Lines below starting with the line with "Το Δημοτικό Περιφερειακό" and going on through the line with "Им всегда НЕкогда" must be output exactly; the rest of the records must be left out.

--- Data for processing Enclosed Below ---

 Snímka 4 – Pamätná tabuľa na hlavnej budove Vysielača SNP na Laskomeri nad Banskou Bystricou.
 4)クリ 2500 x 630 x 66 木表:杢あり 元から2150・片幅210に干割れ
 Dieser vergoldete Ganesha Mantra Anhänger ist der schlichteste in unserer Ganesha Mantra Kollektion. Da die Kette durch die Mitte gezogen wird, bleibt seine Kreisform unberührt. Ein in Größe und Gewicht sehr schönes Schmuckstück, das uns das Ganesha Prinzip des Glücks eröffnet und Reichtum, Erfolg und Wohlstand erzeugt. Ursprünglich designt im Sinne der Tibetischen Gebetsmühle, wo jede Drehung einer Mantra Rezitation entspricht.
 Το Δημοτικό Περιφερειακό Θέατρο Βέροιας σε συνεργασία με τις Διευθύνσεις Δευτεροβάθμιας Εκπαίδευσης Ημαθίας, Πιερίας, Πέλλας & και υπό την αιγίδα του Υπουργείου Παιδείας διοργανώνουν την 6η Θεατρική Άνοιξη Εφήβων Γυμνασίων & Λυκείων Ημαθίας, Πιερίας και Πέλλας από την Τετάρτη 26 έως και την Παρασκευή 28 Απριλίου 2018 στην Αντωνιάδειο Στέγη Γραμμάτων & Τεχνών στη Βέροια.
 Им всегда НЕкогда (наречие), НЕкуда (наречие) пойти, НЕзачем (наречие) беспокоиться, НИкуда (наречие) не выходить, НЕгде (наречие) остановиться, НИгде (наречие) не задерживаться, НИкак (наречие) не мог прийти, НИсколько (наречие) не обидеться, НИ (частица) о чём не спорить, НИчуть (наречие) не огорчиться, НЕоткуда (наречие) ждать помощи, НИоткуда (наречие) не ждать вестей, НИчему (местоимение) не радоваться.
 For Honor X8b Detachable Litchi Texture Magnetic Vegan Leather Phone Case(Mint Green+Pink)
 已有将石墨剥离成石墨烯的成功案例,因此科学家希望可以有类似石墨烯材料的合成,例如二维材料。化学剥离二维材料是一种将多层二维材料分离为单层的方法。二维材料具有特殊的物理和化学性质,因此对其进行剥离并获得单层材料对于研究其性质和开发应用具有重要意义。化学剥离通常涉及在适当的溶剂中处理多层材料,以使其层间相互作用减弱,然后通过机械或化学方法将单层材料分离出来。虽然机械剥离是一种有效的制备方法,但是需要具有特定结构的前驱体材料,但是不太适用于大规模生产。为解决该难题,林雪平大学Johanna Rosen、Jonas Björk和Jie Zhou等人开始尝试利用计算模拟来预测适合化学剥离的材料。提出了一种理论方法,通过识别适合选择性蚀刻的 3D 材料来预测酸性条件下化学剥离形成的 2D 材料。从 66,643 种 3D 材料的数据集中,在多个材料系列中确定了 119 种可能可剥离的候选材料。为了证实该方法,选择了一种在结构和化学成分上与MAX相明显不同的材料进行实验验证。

--- End of Enclosed Data for processing ---

### Answer below:
 Το Δημοτικό Περιφερειακό Θέατρο Βέροιας σε συνεργασία με τις Διευθύνσεις Δευτεροβάθμιας Εκπαίδευσης Ημαθίας, Πιερίας, Πέλλας & και υπό την αιγίδα του Υπουργείου Παιδείας διοργανώνουν την 6η Θεατρική Άνοιξη Εφήβων Γυμνασίων & Λυκείων Ημαθίας, Πιερίας και Πέλλας από την Τετάρτη 26 έως και την Παρασκευή 28 Απριλίου 2018 στην Αντωνιάδειο Στέγη Γραμμάτων & Τεχνών στη Βέροια.
 Им всегда НЕкогда (наречие), НЕкуда (наречие) пойти, НЕзачем (наречие) беспокоиться, НИкуда (наречие) не выходить, НЕгде (наречие) остановиться, НИгде (наречие) не задерживаться, НИкак (наречие) не мог прийти, НИсколько (наречие) не обидеться, НИ (частица) о чём не спорить, НИчуть (наречие) не огорчиться, НЕоткуда (наречие) ждать помощи, НИоткуда (наречие) не ждать вестей, НИчему (местоимение) не радоваться.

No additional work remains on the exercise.